Workforce planning is like planning a road trip. You decide how many people you need, where they’ll be, and when they’ll arrive. It helps a business match its staff numbers with its business goals so that everything runs smoothly.
Why Turnover Matters
Turnover is the rate at which employees leave a company. Think of it as a revolving door: the more people who exit, the more you need to bring in new ones. High turnover can be costly, while low turnover can bring stability.
High Labour Turnover 📈
When many employees leave in a short time, a business faces:
- 📉 Higher recruitment and training costs.
- 🛠️ Loss of experienced knowledge.
- 😕 Lower employee morale and trust.
- 📊 Disrupted customer service and productivity.
Low Labour Turnover 📉
When staff stay longer, a business enjoys:
- 💰 Reduced hiring and training expenses.
- 📚 Stronger institutional knowledge.
- 🤝 Higher employee engagement and loyalty.

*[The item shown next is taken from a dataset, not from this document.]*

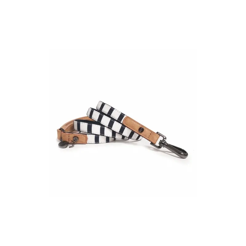 Esta correa está confeccionada en poliéster con estampado de rayas marineras en azul marino y blanco roto, ofreciendo ligereza y resistencia. Incorpora acabados en material efecto piel vintage en color camel que aportan un toque elegante y refuerzan la estructura. Cuenta con mosquetón y herrajes metálicos en acabado titanio que garantizan una sujeción segura, además de una medalla metálica grabada “M&P”, distintiva de la marca.
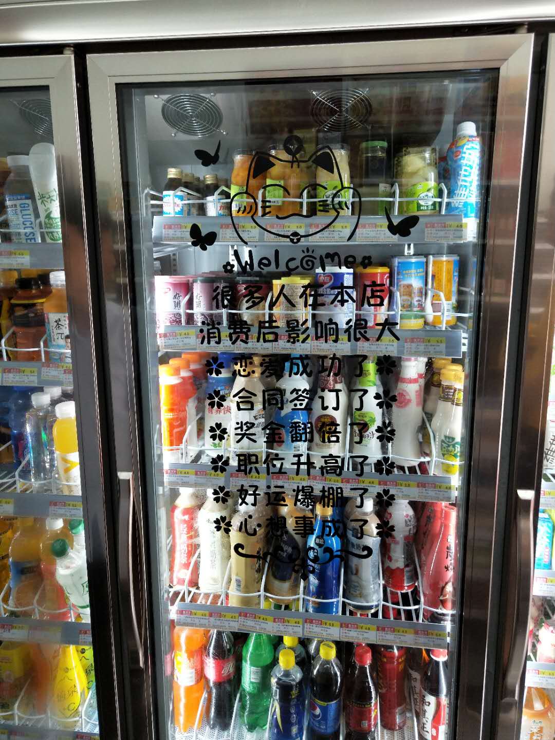 在走访时,李远辉先生看到了门店中贴着不少创意标语,对店主的这种创新行为提出了鼓励和赞扬:只有努力去思考如何创新,才是一个合格的喜洋洋人,才能提升营业额。

- 🛠️ Consistent quality of service.
Implications for a Business
| Turnover Level | Financial Impact | Operational Impact | Strategic Impact |
|---|
| High | ↑ Recruitment & training costs | ↓ Productivity, ↑ errors | Uncertain talent pipeline |
| Low | ↓ Recruitment & training costs | ↑ Productivity, ↓ errors | Stable talent pipeline |
Analogy: The Sports Team ⚽️
Imagine a football team. If players keep leaving (high turnover), the coach must constantly find new players, train them, and rebuild tactics. If the same players stay (low turnover), the team builds chemistry, understands each other’s moves, and performs better on the field.
Practical Example: A Retail Store 🛍️
High turnover in a shop means:
- More time spent hiring part‑time staff.
- Customers may see unfamiliar faces each day.
- Loss of sales because staff don’t know the products well.
Low turnover allows staff to:
- Know the store layout and product details.
- Build relationships with regular customers.
- Handle busy periods more efficiently.
Practical Example: A Software Company 💻
High turnover in a tech firm can:
- Delay project timelines.
- Increase costs for onboarding new developers.
- Reduce innovation due to loss of experienced minds.
Low turnover helps:
- Maintain a stable knowledge base.
- Accelerate product releases.
- Foster a collaborative culture.
Key Takeaways
- Turnover is a key indicator of workforce health.
- High turnover = higher costs, lower morale, and instability.
- Low turnover = cost savings, stronger culture, and better performance.
- Businesses must balance recruitment, training, and employee satisfaction.
- Use workforce planning to predict and manage turnover proactively.